Patrick Beeler: Die verwendeten Daten zu den Hospitalisierungen enthalten leider keine Angaben zu den Medikamenten, die diese Nebenwirkungen ausgelöst hatten.
DMZ: Wie kann das Bewusstsein für die Bedeutung der Meldung von Medikamenten-Nebenwirkungen bei medizinischem Fachpersonal und der breiten Öffentlichkeit gesteigert werden?
Patrick Beeler: Wir möchten Patient:innen ermuntern Nebenwirkungen selber zu melden. Hierfür gibt es auf der Website von Swissmedic ein eigens entwickeltes Meldetool (Meldung von vermuteten unerwünschten Arzneimittelwirkungen durch Patientinnen und Patienten (swissmedic.ch)). Medien wie die DMZ können uns dabei helfen, die Bevölkerung über diese Möglichkeit zu informieren. Swissmedic veröffentlicht in regelmäßigen Abständen nützliche Informationen zu Medikamenten und Nebenwirkungen (https://www.swissmedic.ch/swissmedic/de/home/humanarzneimittel/marktueberwachung/pharmacovigilance/vigilance-news.html) für Fachleute und Interessierte (aktuelle Arzneimittelinformationen: www.swissmedicinfo.ch).
DMZ: Welche Empfehlungen haben Sie für die Pharmaindustrie, um ihre Rolle bei der Erfassung und Meldung von Nebenwirkungen zu verbessern?
Patrick Beeler: Die Aufgaben und Pflichten der pharmazeutischen Unternehmen bei der Erfassung und Meldung von Nebenwirkungen sind in den entsprechenden Gesetzen, Verordnungen und Wegleitungen klar beschrieben. Swissmedic ist mit den Zulassungsinhaberinnen in ständigem Kontakt und prüft die Einhaltungen an die Vorgaben z. B. bei Inspektionen. Wenn pharmazeutische Unternehmen von Nebenwirkungen erfahren, gehen sie in der Regel auf die involvierten Personen zu und erfassen die benötigten Angaben, welche sie dann der Swissmedic weiterleiten.

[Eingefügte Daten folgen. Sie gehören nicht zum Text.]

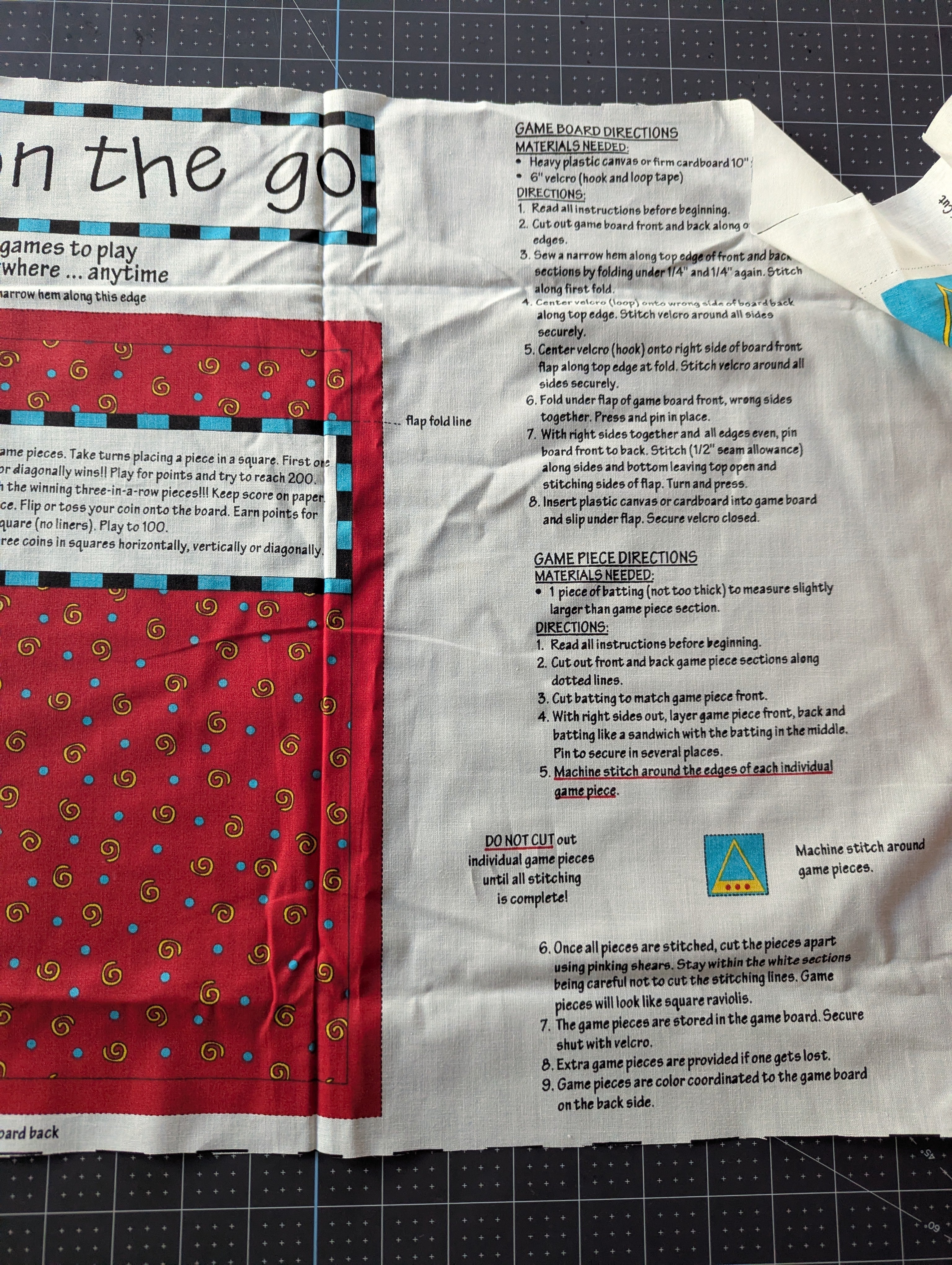 Fabric Kidz on the Go Gameboard Panel Cut-N-Sew Project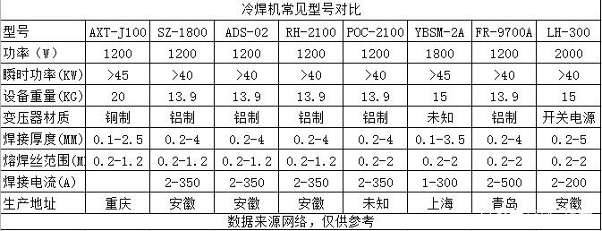 答:冷焊机焊的为什么不结实呢?首先,你得知道冷焊机不是神,不是什么都能焊,如果非要想着花个6000块钱想解决一切需要焊的,那你只能自己想明白了再来。冷焊机适合薄板焊接,对变形要求高的件的焊接,精密低温补焊,角钢,钢筋,钢结构建议电焊或二保焊,铝合金建议选激光焊,或者交流氩弧焊。关于选购冷焊机的一些建议参考:2mm以下的不锈钢,铁板,镀锌板选瞬时功率45kw-55kw的设备;焊3mm以上紫铜选瞬时功率150KW及以上的设备;焊0.6mm以上的彩色不锈钢选瞬时45kw-55kw,且0.1mm起焊的设备;焊3mm及以上的不锈钢、冷轧板、钛合金、镀锌板或者需要承压,密封等技术要求的建议瞬时功率80KW及以上的设备;模具、轴、齿等修补选瞬时功率大于55KW的设备。

DMZ: Welche konkreten Schritte könnten Gesundheitsbehörden und Bildungseinrichtungen unternehmen, um die Meldeerfassung von unerwünschten Arzneimittelwirkungen zu fördern?
Patrick Beeler: Gesundheitsfachleute sollten während Aus-, Weiter- und Fortbildungen über die Bedeutung von Spontanmeldungen informiert und an die Meldepflicht erinnert werden.
DMZ: Welche Auswirkungen hat die Untererfassung von Medikamenten-Nebenwirkungen auf das Gesundheitssystem und die Gesundheitskosten, und wie könnten diese Auswirkungen minimiert werden?
Patrick Beeler: Die Schweiz steht international gut da. Trotzdem wäre eine höhere Meldungsrate wünschenswert. Besonders wichtig sind die Meldungen zu bislang unbekannten unerwünschten Wirkungen sowie Meldungen zu Personen, die selten in Zulassungsstudien berücksichtigt werden, z.B. Säuglinge, Frauen im gebärfähigen Alter oder Hochbetagte.